Toujours sur le titre, le passage de la « révolution » à l’ « ère » est également important à pointer. Avec le vocable de « révolution », le livre Burnham revient sur un thème marxiste. Encore une fois, par bien des aspects, il s’inscrit dans une continuité ou un post-marxisme. Et c’est bien d’une classe sociale dont nous parle le philosophe américain. La traduction, remarquable par d’autres aspects, d’Emmanuelle Claireau, pose l’avènement d’une « ère managériale » comme il y a eu une « ère glaciaire ». Elle revient vers les nécessités, les mutations naturelles, là où une partie du raisonnement ouvrait la voie au conflit et ses incertitudes. Tout cela occulte étrangement le politique.
Pourtant, Burnham a souligné par ailleurs les extraordinaires convergences entre la managérialisation et l’évolution politique des Etats-Unis avec le New Deal. Cette bascule vers le keynésianisme suppose des techniques de contrôle, de planification, de budgétisation et une technostructure de managers publics et privés**. De la même façon que le capitalisme traditionnel et le socialisme étaient indissociables pour lui d’un système politique. De façon proche, Peter Drucker fera lui aussi un lien entre l’évolution de l’Etat fédéral et les mutations des modes d’organisation productifs. A partir d’observations réalisées entre 1943 et 1944 chez General Motors, il évoquera ainsi dans son ouvrage Concept of the corporation (1946)*** le lien entre la structure décentralisée de l’Etat fédéral et l’approche multidivisionnelle, délégative et par objectifs au cœur de sa thèse sur le management.

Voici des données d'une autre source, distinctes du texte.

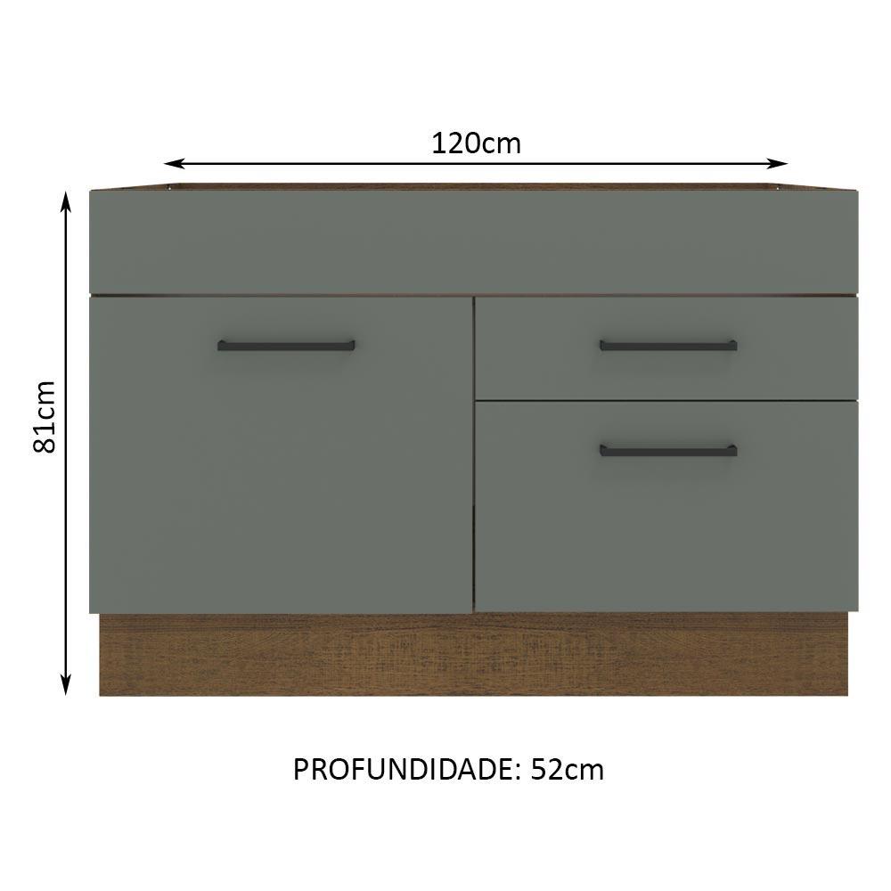Balcão de Pia Cozinha 1 Porta e 2 Gavetas Rustic/Cinza Agata Madesa
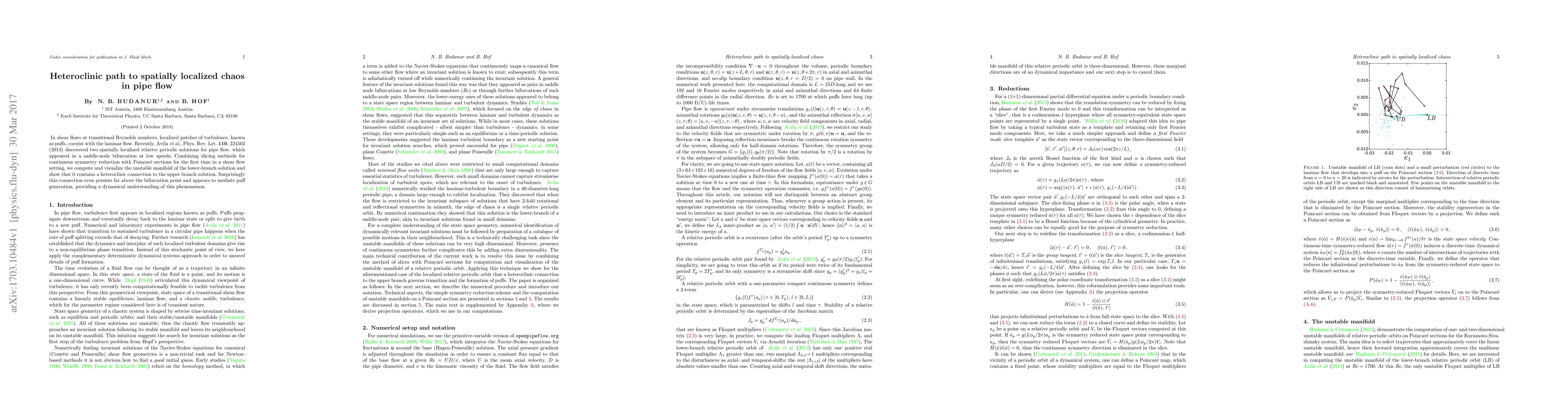 This paper investigates the emergence of localized turbulence (puffs) in transitional pipe flow, revealing a heteroclinic path linking two spatially localized relative periodic solutions. The study combines symmetry reduction and Poincaré sections to demonstrate that this heteroclinic connection persists beyond bifurcation points and likely mediates the generation of puffs, offering new insights into the dynamics of turbulence.
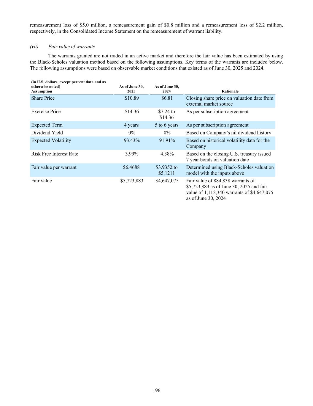 remeasurement loss of $5.0 million, a remeasurement gain of $0.8 million and a remeasurement loss of $2.2 million, respectively, in the Consolidated Income Statement on the remeasurement of warrant liability. (vii) Fair value of warrants The warrants granted are not traded in an active market and therefore the fair value has been estimated by using the Black-Scholes valuation method based on the following assumptions. Key terms of the warrants are included below. The following assumptions were based on observable market conditions that existed as of June 30, 2025 and 2024. (in U.S. dollars, except percent data and as otherwise noted) Assumption As of June 30, 2025 As of June 30, 2024 Rationale Share Price $10.89 $6.81 Closing share price on valuation date from external market source Exercise Price $14.36 $7.24 to $14.36 As per subscription agreement Expected Term 4 years 5 to 6 years As per subscription agreement Dividend Yield 0% 0% Based on Company’s nil dividend history Expected Volatility 93.43% 91.91% Based on historical volatility data for the Company Risk Free Interest Rate 3.99% 4.38% Based on the closing U.S. treasury issued 7 year bonds on valuation date Fair value per warrant $6.4688 $3.9352 to $5.1211 Determined using Black-Scholes valuation model with the inputs above Fair value $5,723,883 $4,647,075 Fair value of 884,838 warrants of $5,723,883 as of June 30, 2025 and fair value of 1,112,340 warrants of $4,647,075 as of June 30, 2024 196
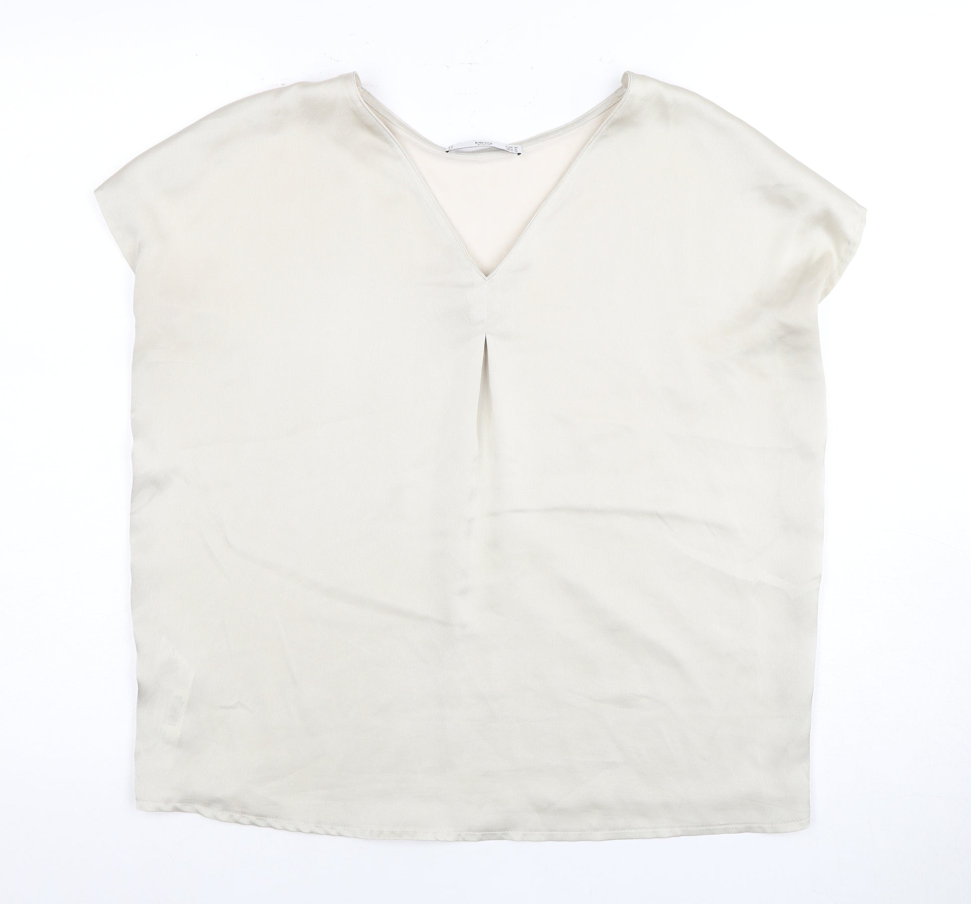 Explore effortless elegance with this MNG Basics Women's Blouse, tailored in a serene beige tone that effortlessly complements various wardrobe styles. Crafted for the modern woman, this blouse boasts a regular fit in size M, making it ideal for daily wear. The fabric offers a delightful blend of polyester and viscose, ensuring a lightweight and comfortable experience. This casual piece features a versatile V-Neck that adds a hint of sophistication, making it perfect for both relaxed and semi-formal settings. Its solid pattern and basic style make it a timeless piece, easily adaptable to different fashion preferences. Ideal for spring and summer wear, this blouse is perfect for casual occasions, offering ease and versatility in styling. Pair it with jeans for a day out or a skirt for a more polished look. With its simplicity and neutral colour, it stands out as an essential piece in your wardrobe, promising to enhance your collection with understated charm. Priced attractively, this MNG Basics blouse invites you to embrace effortless style and comfort without compromise.
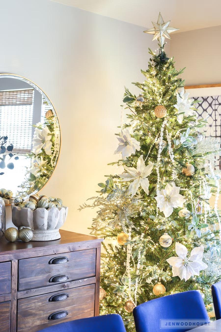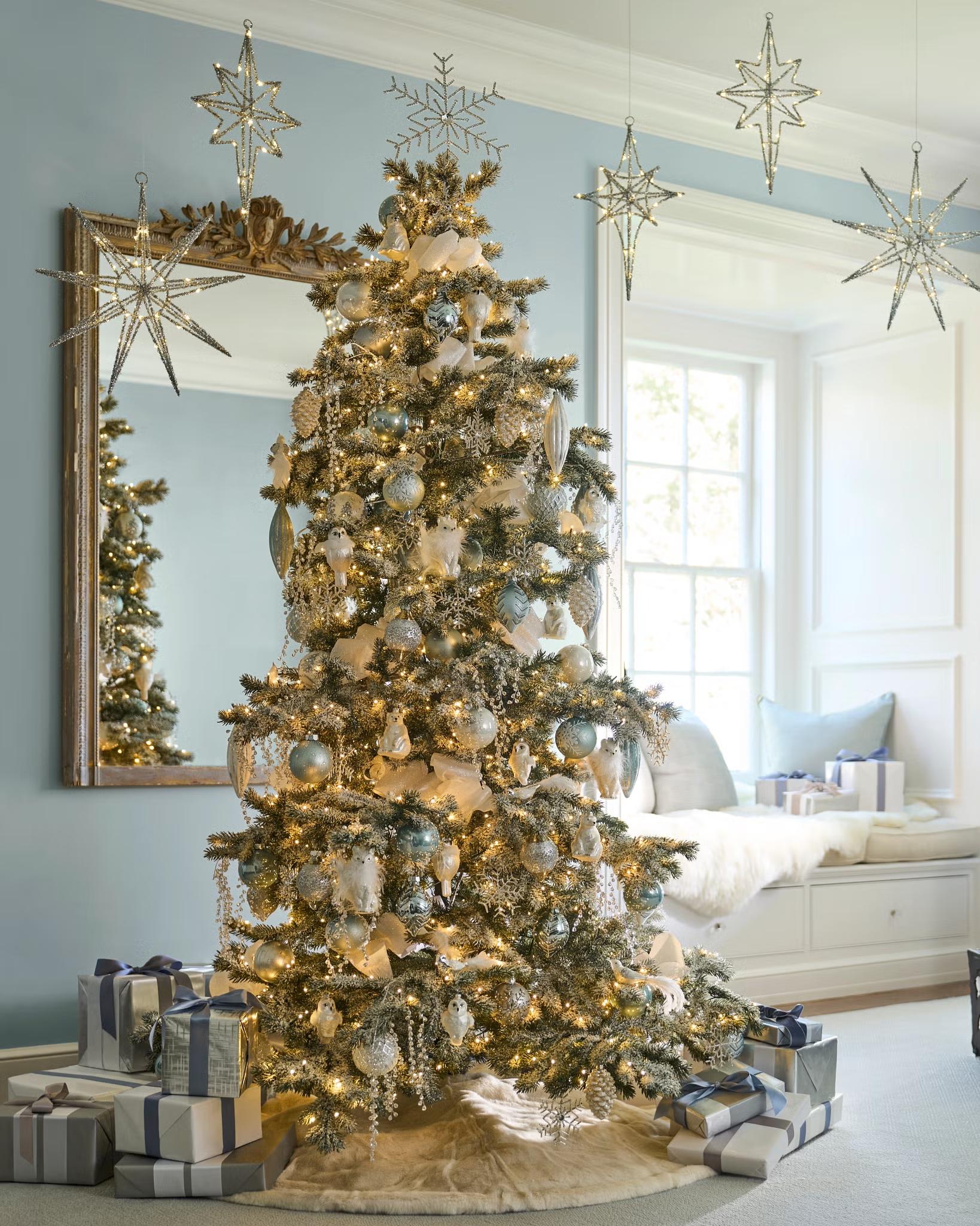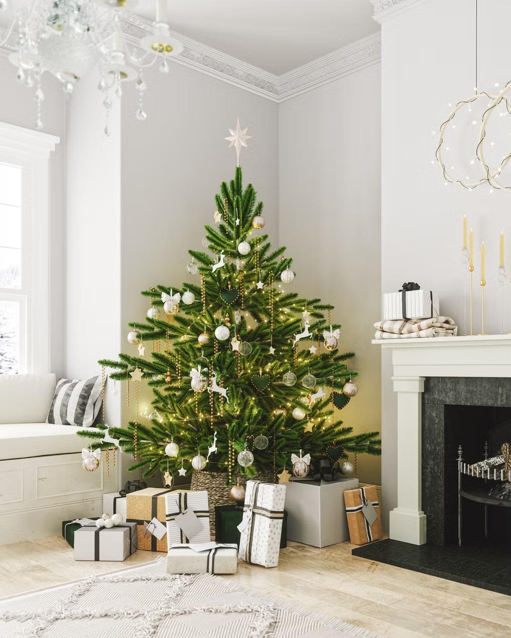 Традиционная красно-зеленая новогодняя палитра многим поднадоела. А вот белая новогодняя елка — это символ, который прошел испытание временем. Неважно, имитируете ли вы свежий снег на ветвях или используете белые украшения для контраста — не ошибетесь, используя белый цвет в рождественском декоре.
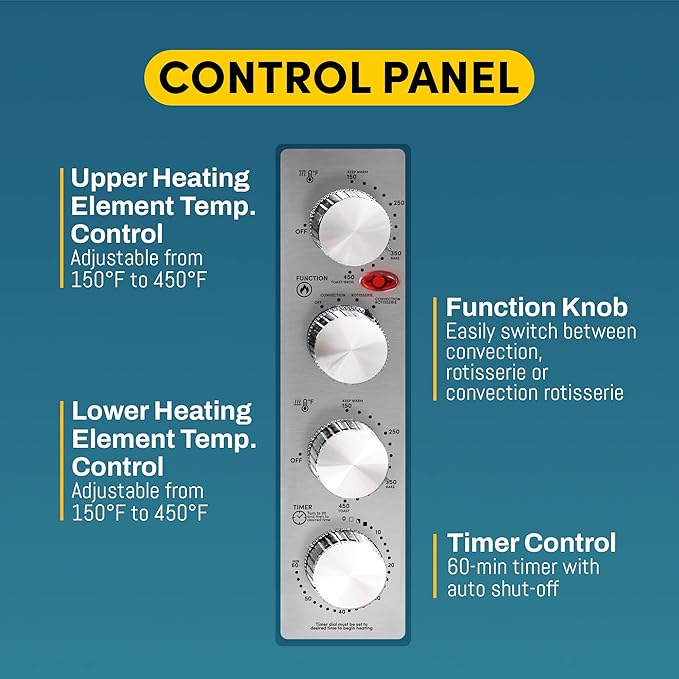 - Independent Temperature Knobs up to 450°F to separately control top and bottom heating elements - turn on only one or both at the same time; 60-minute timer with signal turns oven off automatically

Appréhender l’organologie comme une « organologie politique », dans le sens le plus ouvert possible, est plus que jamais nécessaire. Dans le sillon de ces travaux passés, cela permet de ne jamais dissocier la question organisationnelle des dimensions sociétales et politiques ; Et de ne pas négliger la grande pluralité des modes d’activités collective, de leur contingence et leur historicité.
*Ce sera davantage le cas avec The machiavellians publié en 1943 et traitant de la question des élites et sa « circulation ». Voir mes analyses sur ce sujet dans le chapitre 1 d’Apocalypse managériale (Belles Lettres).
** Il explique notamment pp 201-202 de l’édition d’origine de The managerial revolution : « In its own more confused, less advanced way, New Dealism too has spread abroad the stress on the state as against the individual, planning as against private enterprise, jobs (even if relief jobs) against opportunities, security against initiative, "human rights" against "property rights." There can be no doubt that the psychological effect of New Dealism has been what the capitalists say it has been: to undermine public confidence in capitalist ideas and rights and institutions. Its most distinctive features help to prepare the minds of the masses for the acceptance of the managerial social structure. »
*** Publié chez le même éditeur que Managerial revolution, John Day.